- _Extracted records_:
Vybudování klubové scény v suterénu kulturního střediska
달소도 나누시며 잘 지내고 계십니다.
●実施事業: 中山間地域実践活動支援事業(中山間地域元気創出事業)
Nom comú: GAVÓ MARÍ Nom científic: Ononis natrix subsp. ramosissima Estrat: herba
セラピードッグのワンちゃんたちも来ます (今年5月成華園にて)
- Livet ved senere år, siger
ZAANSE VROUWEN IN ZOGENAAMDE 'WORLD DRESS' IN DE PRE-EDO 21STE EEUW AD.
...
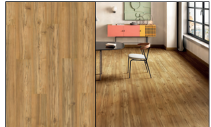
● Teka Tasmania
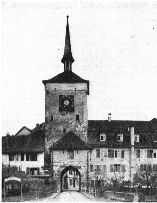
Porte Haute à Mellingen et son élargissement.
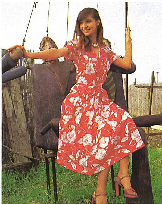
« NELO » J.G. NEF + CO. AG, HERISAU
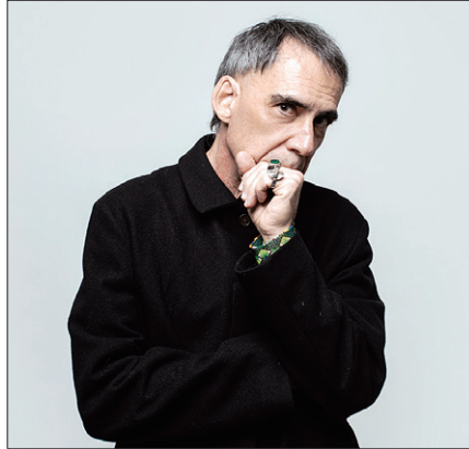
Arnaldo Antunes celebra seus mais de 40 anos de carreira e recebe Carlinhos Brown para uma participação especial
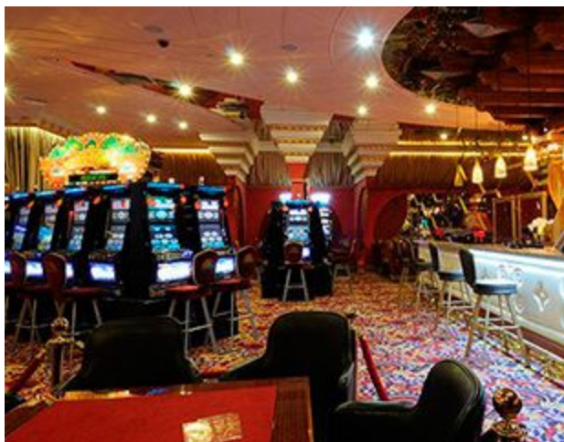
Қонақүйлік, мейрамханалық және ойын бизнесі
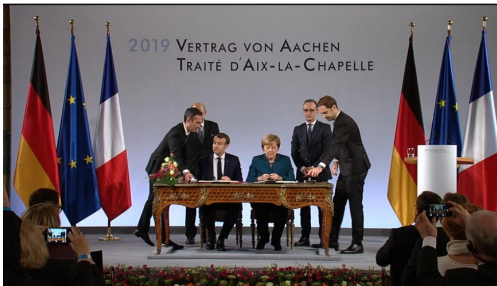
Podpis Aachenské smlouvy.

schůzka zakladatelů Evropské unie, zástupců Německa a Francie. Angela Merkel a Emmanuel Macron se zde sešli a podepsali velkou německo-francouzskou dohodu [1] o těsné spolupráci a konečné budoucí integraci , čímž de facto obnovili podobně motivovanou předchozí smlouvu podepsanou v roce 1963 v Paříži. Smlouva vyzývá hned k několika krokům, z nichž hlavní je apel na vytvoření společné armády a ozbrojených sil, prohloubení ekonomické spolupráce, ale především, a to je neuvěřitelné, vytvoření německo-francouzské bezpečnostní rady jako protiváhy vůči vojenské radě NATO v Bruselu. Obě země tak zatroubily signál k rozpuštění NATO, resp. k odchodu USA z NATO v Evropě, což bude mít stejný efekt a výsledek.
---
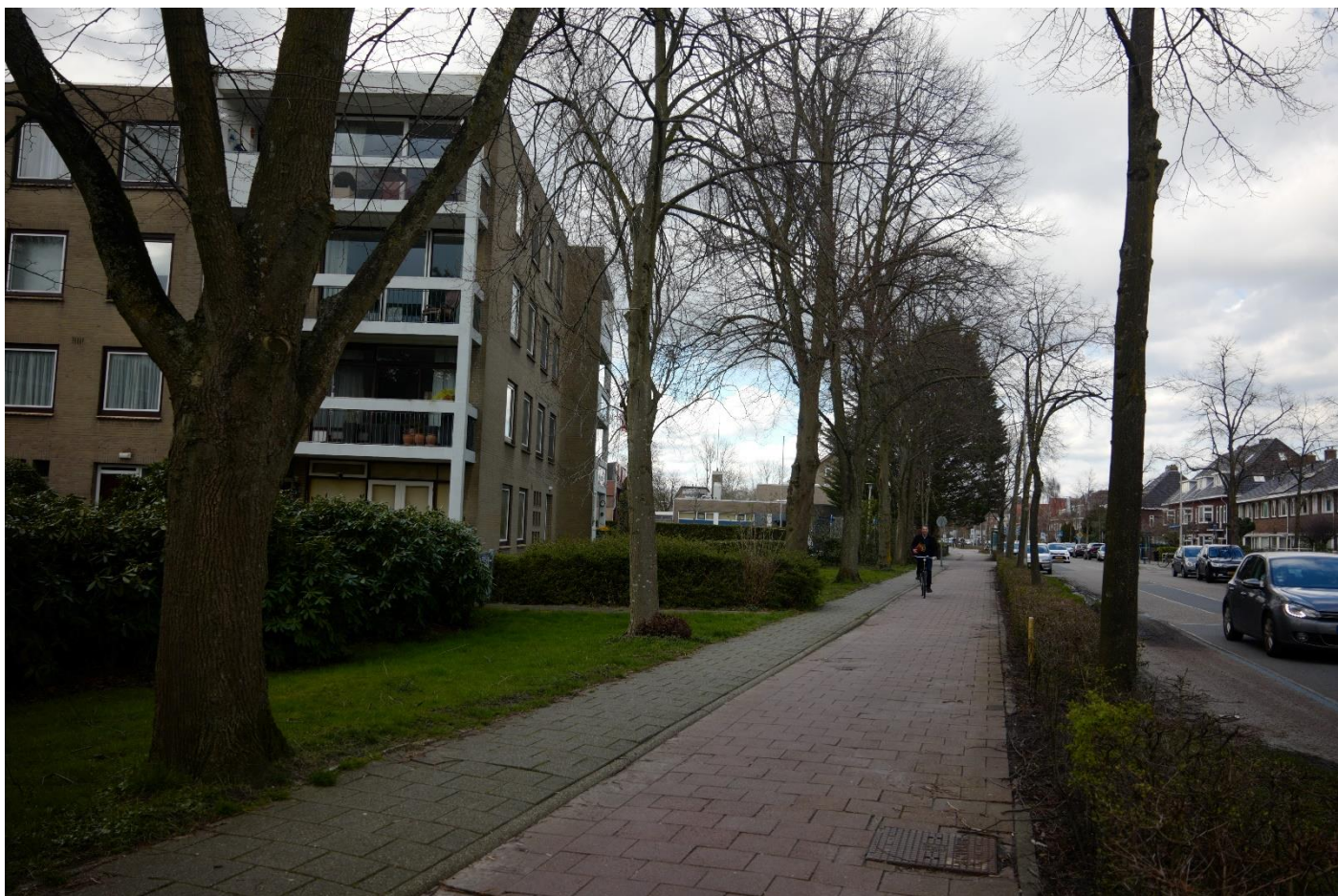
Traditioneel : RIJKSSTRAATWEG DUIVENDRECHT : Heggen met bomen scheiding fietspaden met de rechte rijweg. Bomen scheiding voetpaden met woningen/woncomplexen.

- _Exercise aim_:
The response should hold exactly the lines starting at the line with "Vybudování klubové scény" and ending at the line with "- Livet ved senere år, siger", and no other line of the material above.

- _Solution for this problem_:
Vybudování klubové scény v suterénu kulturního střediska
달소도 나누시며 잘 지내고 계십니다.
●実施事業: 中山間地域実践活動支援事業(中山間地域元気創出事業)
Nom comú: GAVÓ MARÍ Nom científic: Ononis natrix subsp. ramosissima Estrat: herba
セラピードッグのワンちゃんたちも来ます (今年5月成華園にて)
- Livet ved senere år, siger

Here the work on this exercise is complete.